WinCo Foods, Boise, Idaho, is scheduled to open its first two Texas stores on Thursday, with at least three more Texas locations due over the next 13 months, the company said. The first two stores will be in Fort Worth and McKinney, Texas, on opposite sides of the Dallas-Fort Worth metroplex, with each covering approximately 95,000 square feet, said Mike Read, the company’s spokesman. Three additional stores are likely to open in Texas during the company’s fiscal year, which begins April 1, Read said — in Duncanville, North Richland Hills and Lewisville.

The employee-owned and operated “socialist” company can provide groceries at the same or cheaper prices than Wal-Mart, and it’s been operating since 1967. It shifted to an employee-owned business in 1985, and now is privately owned by companies who proudly brag about it on their website:

For over 40 years WinCo Foods has fostered a tradition of success by focusing on very large stores with a wide selection of national brands at prices below our competition. In addition, the very nature of having employee stockholders that have seen their Employee Stock Ownership Plan (Pension Plan) grow at a 21.51% annual compound growth rate creates an extremely dedicated workforce. This has made WinCo a very successful company, one which in 1998 was listed as #266th on Forbes Magazine’s List of 500 largest Privately Held Companies and recently in 2011 holding to the 66th spot on the list.

WinCo is continuing this record of success, now operating 93 Employee Owned Stores in seven states (Washington, Idaho, California, Nevada, Oregon, Utah, Arizona and Texas) with nearly 15,000 employees and continues to grow by opening new stores and adding new members to the company every year.

And how good are the pension plans? This good:

The company also has a pension, with employees getting an amount equal to 20% of their annual salary put in a plan that’s paid for by WinCo; a company spokesperson told the Idaho Statesman that more than 400 nonexecutive workers (cashiers, produce clerks and such) currently have pensions worth over $1 million apiece.

While 93 locations in 7 states is nowhere near the league of Wal-Mart, the business shows that a company CAN take care of its employees AND still be profitable. Different than a publicly-traded entity, there are no stockholders demanding even larger returns on dividends every quarter at the expense of both the consumer and the employees. Instead, the employees are the stockholders and the better the company does, the better they do.

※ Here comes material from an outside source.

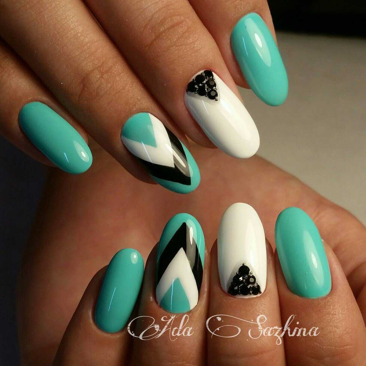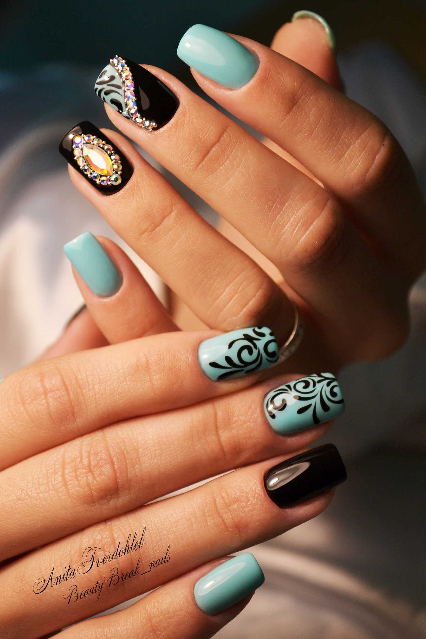 Идей черно-бирюзового маникюра огромное количество. Это могут быть аккуратные полоски черным цветом на бирюзовом фоне, отпечатка бирюзовой фольгой на черном фоне, рисунки-оригами в черном цвете на бирюзовом ноготке.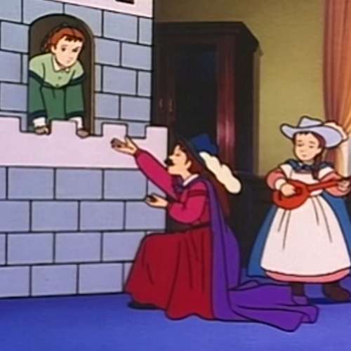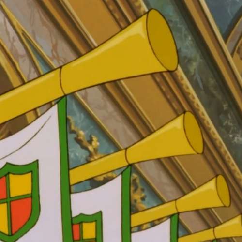 L’image du générique du dessin animé Princesse Sarah est celle ou l’on aperçoit des drapeaux et des trompettes.

And what’s more, the business is eco-friendly and continuing to expand.

Winco

Large corporate stores may offer convenient prices and easy-to-locate items, but the exchange of energy from employees and those who live in the same town is not fair. Companies like WinCo show how this need not be necessary. In the future, it and others will most likely continue to expand across the United States as competition for Wal-Mart, Target, and other large corporations.